Thread: Performance/Maintenance test result collection

Performance/Maintenance test result collection

From
Chris Mckenzie
Date:

Hi.

I'm trying to plan for a performance test session where a large database is subject to regular hits from my application while both regular and full database maintenance is being performed. The idea is to gain a better idea on the impact maintenance will have on regular usage, and when to reasonably schedule both regular and full maintenance.

Is the verbose option for the VACUUM command and physical disk space usage enough? What's a good rule of thumb for verifying that the space supposedly recovered from a FULL vacuum is real? I can turn on verbose for a FULL vacuum and watch the "Total free space (including removable row versions) is 7032 bytes." details, but can it be reasonably correlated against disk linux system tools? (like du) Or only as a guidance that some maintenance is being performed?
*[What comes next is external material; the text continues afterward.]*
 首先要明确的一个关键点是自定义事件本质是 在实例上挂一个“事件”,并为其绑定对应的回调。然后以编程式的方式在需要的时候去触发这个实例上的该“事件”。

Any other stat collection points I should be watching?

Here's an example lazy vacuum verbose output from an empty schema table: (not that you guys haven't seen this stuff enough)
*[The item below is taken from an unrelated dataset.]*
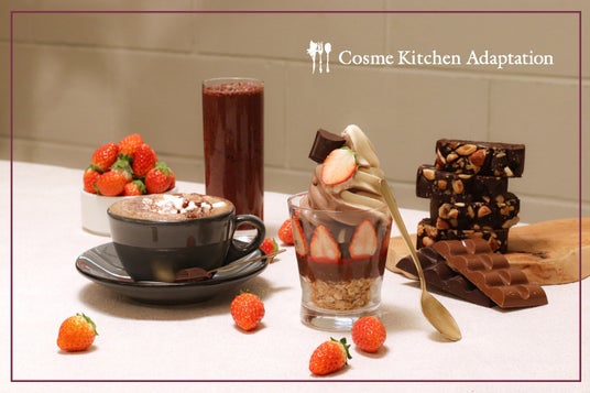 バレンタインシーズンの気分を意識した特別なミニパフェとホットチョコレートには、CBD+CBNを高含有したチョコレートを添えました。リラクシーで贅沢な時間をCosme Kitchen Adaptationでお過ごしください。

VACUUM VERBOSE app.queuedemails;
INFO:  vacuuming "app.queuedemails"
INFO:  index "queuedemails1" now contains 0 row versions in 1 pages
DETAIL:  0 index pages have been deleted, 0 are currently reusable.
CPU 0.00s/0.00u sec elapsed 0.00 sec.

INFO:  index "queuedemails2" now contains 0 row versions in 1 pages
DETAIL:  0 index pages have been deleted, 0 are currently reusable.
CPU 0.00s/0.00u sec elapsed 0.00 sec.

INFO:  "queuedemails": found 0 removable, 0 nonremovable row versions in 0 pages
DETAIL:  0 dead row versions cannot be removed yet.
There were 0 unused item pointers.
0 pages are entirely empty.
CPU 0.00s/0.00u sec elapsed 0.00 sec.

INFO:  vacuuming "pg_toast.pg_toast_17595"
INFO:  index "pg_toast_17595_index" now contains 0 row versions in 1 pages
DETAIL:  0 index pages have been deleted, 0 are currently reusable.
CPU 0.00s/0.00u sec elapsed 0.00 sec.

INFO:  "pg_toast_17595": found 0 removable, 0 nonremovable row versions in 0 pages
DETAIL:  0 dead row versions cannot be removed yet.
There were 0 unused item pointers.
0 pages are entirely empty.
CPU 0.00s/0.00u sec elapsed 0.00 sec.

THANKS!!!

- Chris
 

Re: Performance/Maintenance test result collection

From
"Jim C. Nasby"
Date:
On Wed, May 17, 2006 at 01:50:22PM -0400, Chris Mckenzie wrote:
> Hi.
>
> I'm trying to plan for a performance test session where a large database is
> subject to regular hits from my application while both regular and full
> database maintenance is being performed. The idea is to gain a better idea
> on the impact maintenance will have on regular usage, and when to reasonably
> schedule both regular and full maintenance.

What do you mean by "regular and full maintenance"? Do you mean VACUUM
FULL?

If you're vacuuming appropriately you shouldn't have any need to ever
VACUUM FULL...
--
Jim C. Nasby, Sr. Engineering Consultant      jnasby@pervasive.com
Pervasive Software      http://pervasive.com    work: 512-231-6117
vcard: http://jim.nasby.net/pervasive.vcf       cell: 512-569-9461

Re: Performance/Maintenance test result collection

From
Chris Mckenzie
Date:

Yes, regular versus full vacuum. Thanks for the comment but I was hoping to come to that conclusion on my own by observing the affects of the different vacuums.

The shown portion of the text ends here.